Antes de ir ao cartório, é importante conhecer mais sobre as opções de regime de bens
A organização de um casamento envolve muitos detalhes. No entanto, muito antes de definir o cardápio, a paleta de cores ou até quem entra ou não na lista de convidados, existe um ponto que é importante estudar bem antes de definir: o regime de bens. Embora burocrática e que ninguém se case pensando em uma separação, essa definição é de extrema importância. Afinal, ela influencia a administração do patrimônio do casal durante a união e em situações como divórcio ou falecimento.
Por isso, conhecer as opções disponíveis é fundamental para tomar uma decisão consciente e alinhada aos objetivos do casal. Veja abaixo quais são elas.
Opções de regime de bens

No Brasil, a legislação prevê diferentes modalidades, cada uma com características próprias. Caso o casal não escolha um modelo, o regime adotado automaticamente é o da comunhão parcial de bens.
Comunhão parcial de bens
Mais comum entre os brasileiros, ele considera que os bens adquiridos antes do casamento continuam pertencendo individualmente a cada cônjuge.
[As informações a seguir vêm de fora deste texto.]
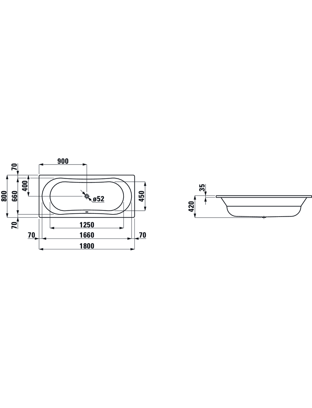 Стальная ванна Laufen Thallium 180х80 2.2509.0.000.040.1 без антискользящего покрытия
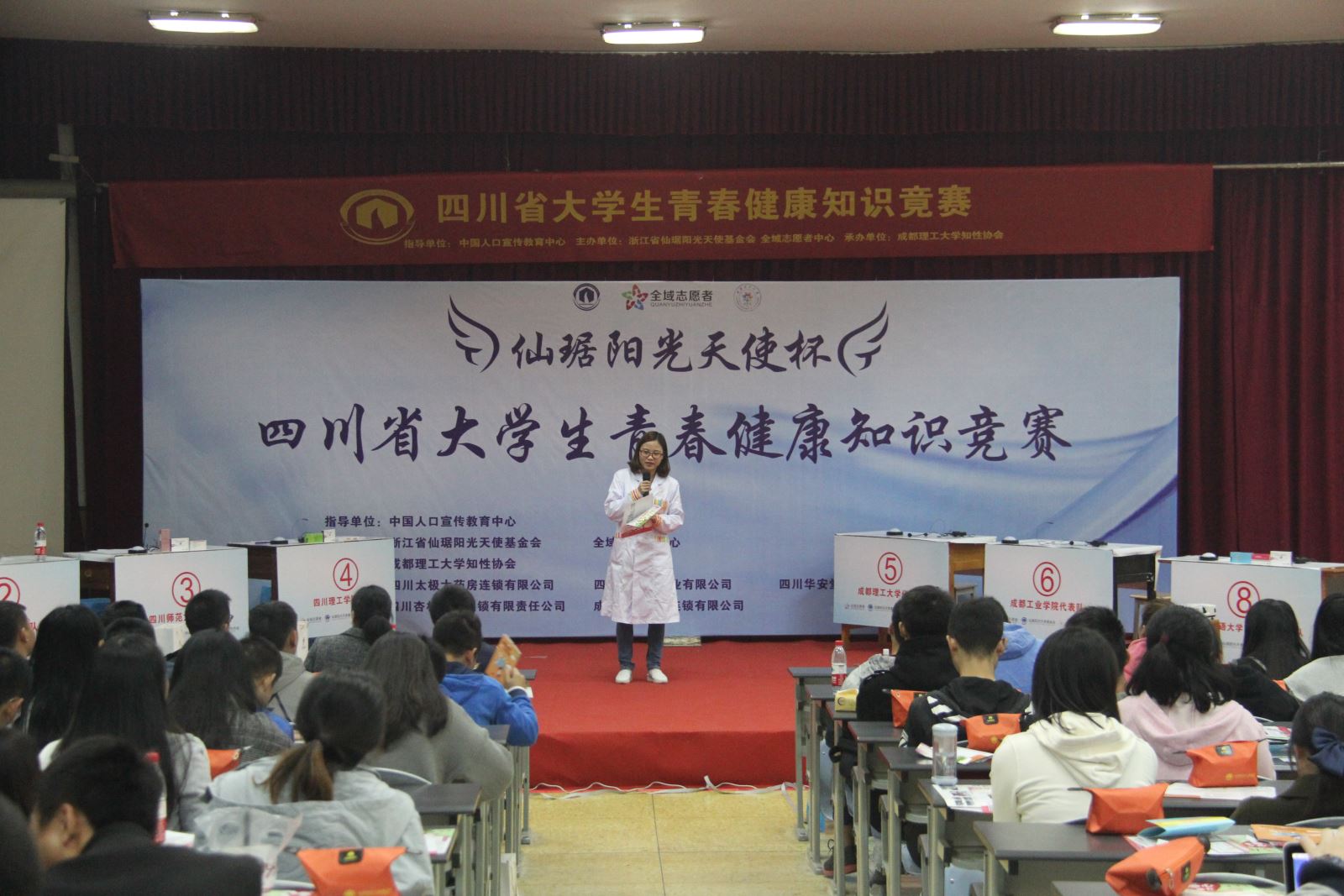 11月5日下午,在成都理工大学芙蓉餐厅三楼报告厅举办了一个关于“我青春 我健康 我快乐”为主题的“仙琚阳光天使杯”——四川省大学生青春健康知识竞赛,此次健康知识竞赛由浙江省仙琚阳光天使基金会、全域志愿者中心主办,成都理工大学知性协会承办,旨在让高校大学们认识有关‘性’的知识,做到保护自己保护别人。
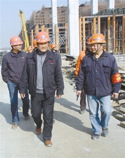 李少辉在施工现场遍插中国一冶的旗帜,鼓励大家为荣誉而战。
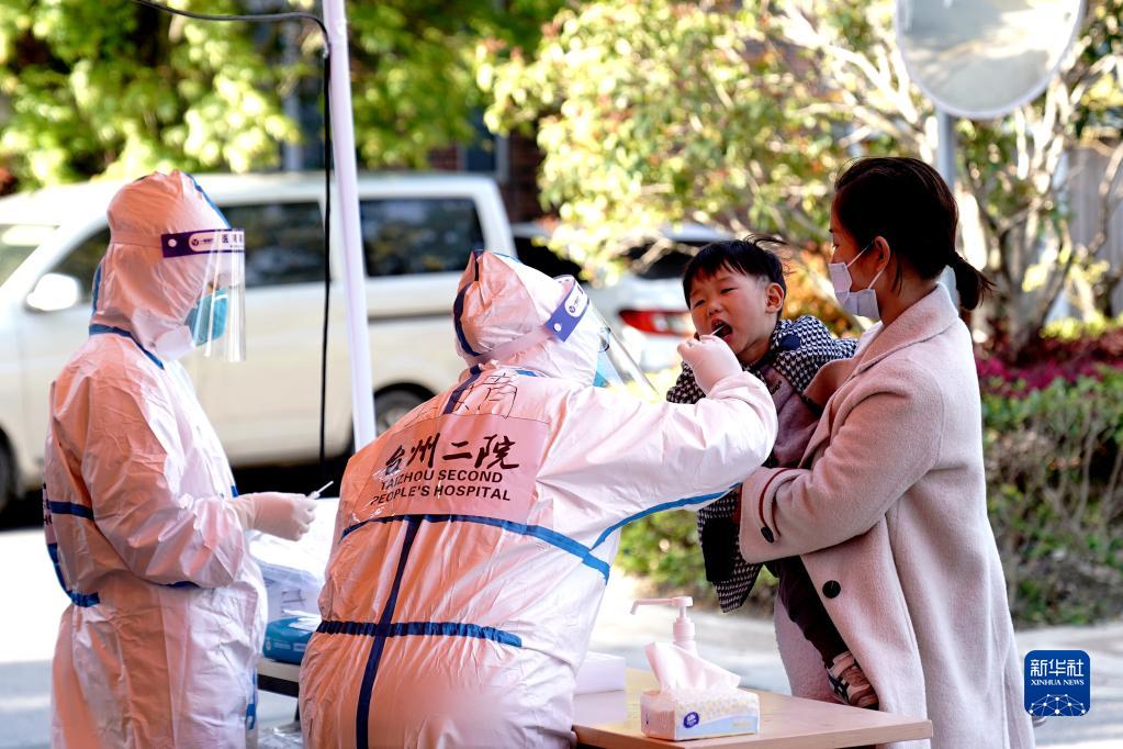 4月4日,在上海松江区祥欣居民区,浙江援沪医疗队队员为小朋友进行核酸检测采样。
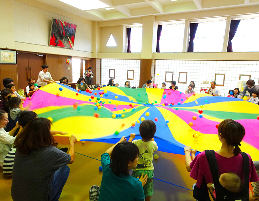 現在、子どもと一緒に遊ぶ場所がなく、保護者同士の繋がりが持てないことが問題になっています。そこで、橘幼稚園では、安全で楽しい遊び場としてだけでなく、保護者同士の楽しい繋がりを持てるようにと、すくすくルーム[未就園児教室]として、色々な楽しい企画をたて、多くのご家族の方々に楽しい時間を過ごして頂いております。
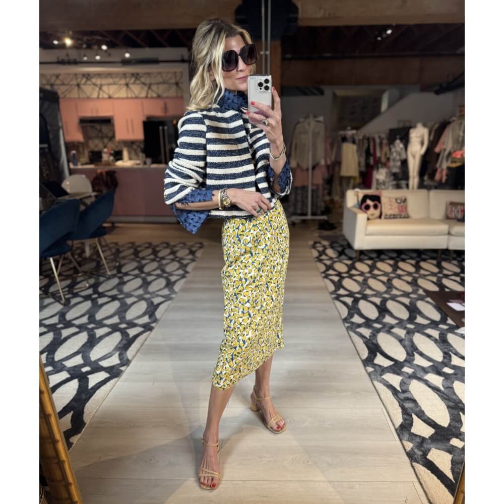 Limoncello? Yes, please! We love our cardigan blazer styled with our limoncello pencil skirt and our whimsical navy bow Mel. Our everyday raffia sandals add the finishing touch.
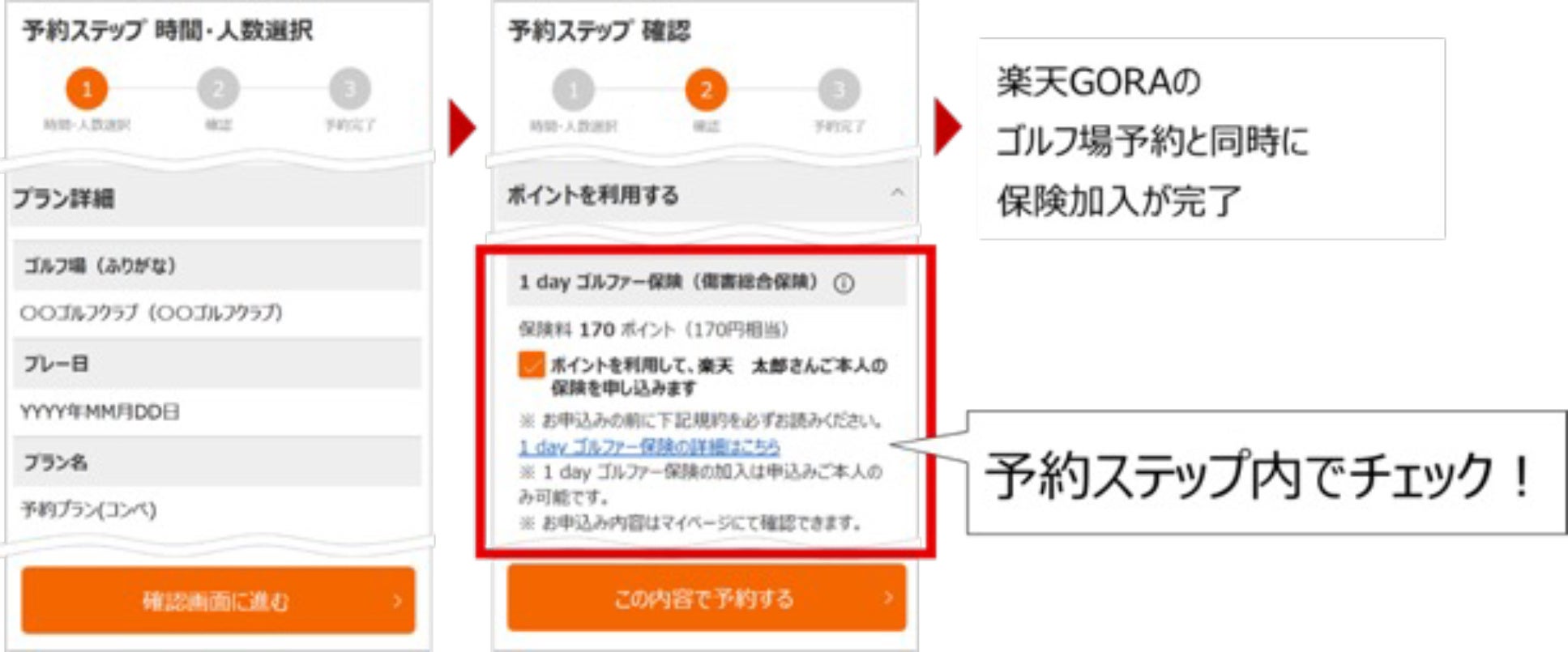 「楽天GORA」でゴルフコースを予約する際のステップ上で、1予約分のプレーにつき170円(「楽天ポイント」および「楽天キャッシュ」での支払のみ)で手軽に加入することが可能です。
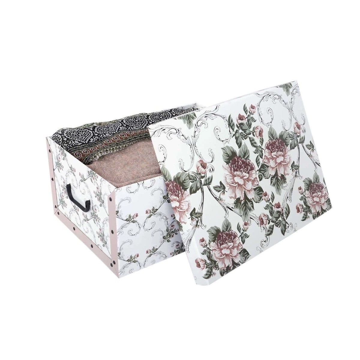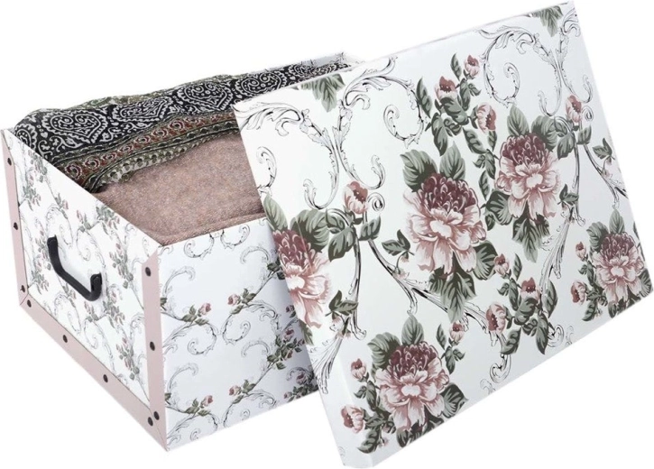 Iščete lepo in zanesljivo shranjevanje oblačil, dokumentov ali dodatkov? Škatla MAXI v dekorju Barok Antik združuje brezčasen videz s praktičnimi podrobnostmi. Zahvaljujoč čvrsti kaširani lepenkasti konstrukciji ohranja svojo obliko, enostavno se zlaga in prenaša po zaslugi integriranih ročajev.
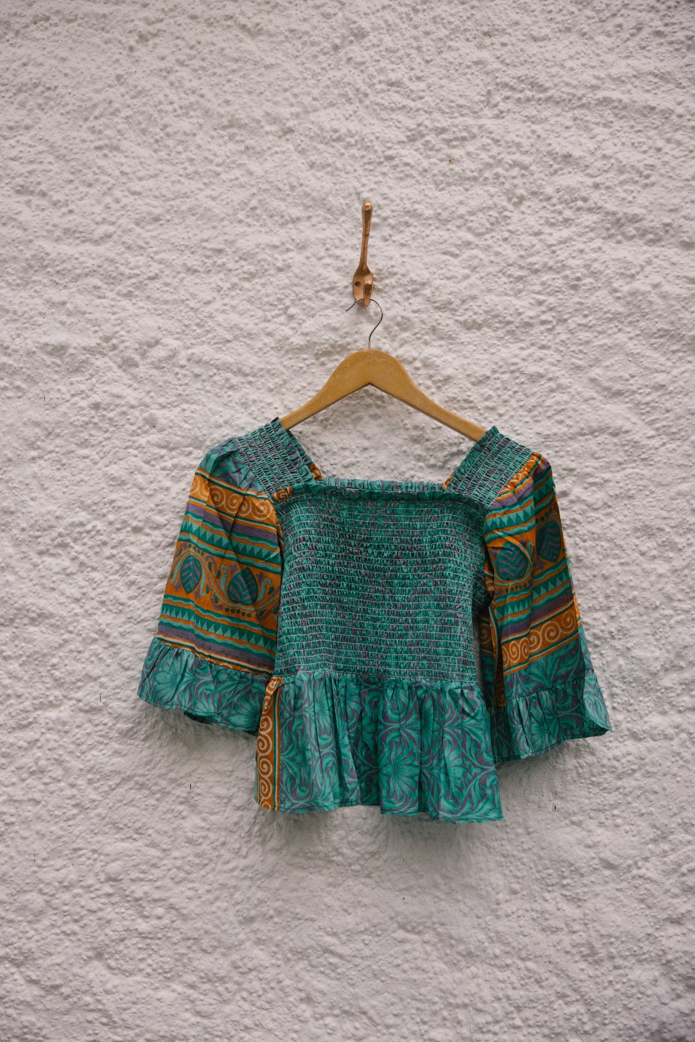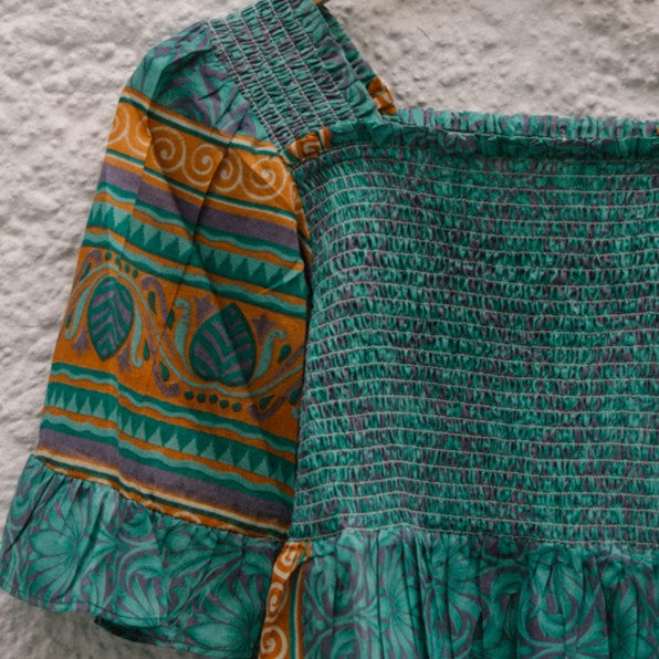 Joelyn is an elegant shirring smock silhouette with year around appeal. She has a smocked bodice, 3/4 length sleeves with a floaty ruffle cuff, a flattering Square neckline front and back with a peplum hem. Joelyn is hand crafted from Vintage up-cycled silk sari's.

Já os bens conquistados durante a união passam a integrar o patrimônio comum do casal, independentemente de quem realizou a compra. No entanto, heranças e doações recebidas individualmente, mesmo durante o casamento, normalmente não entram na partilha.
Comunhão universal de bens
Neste regime, todo o patrimônio dos cônjuges passa a ser compartilhado. Ou seja, tanto os bens adquiridos antes do casamento quanto aqueles conquistados após a união. Existem, contudo, algumas exceções previstas em lei. Além disso, ele exige a realização de pacto-antenupcial.
Separação de bens
Neste modelo, cada pessoa mantém a propriedade exclusiva dos bens que possui antes e durante o casamento. Isso significa que cada um continua responsável pela administração do próprio patrimônio. Ou seja, se apenas um dos cônjuges comprou pagou por algo, ele é dono deste bem. Já os que forem comprados juntos, serão divididos proporcionalmente com o valor que cada um deu.
Participação final nos aquestos
Embora pouco conhecido entre os brasileiros, este regime funciona como uma combinação entre a separação de bens e a comunhão parcial. Sendo assim, cada cônjuge administra seu patrimônio individualmente, mas em caso de separação, os bens adquiridos em casal serão partilhados.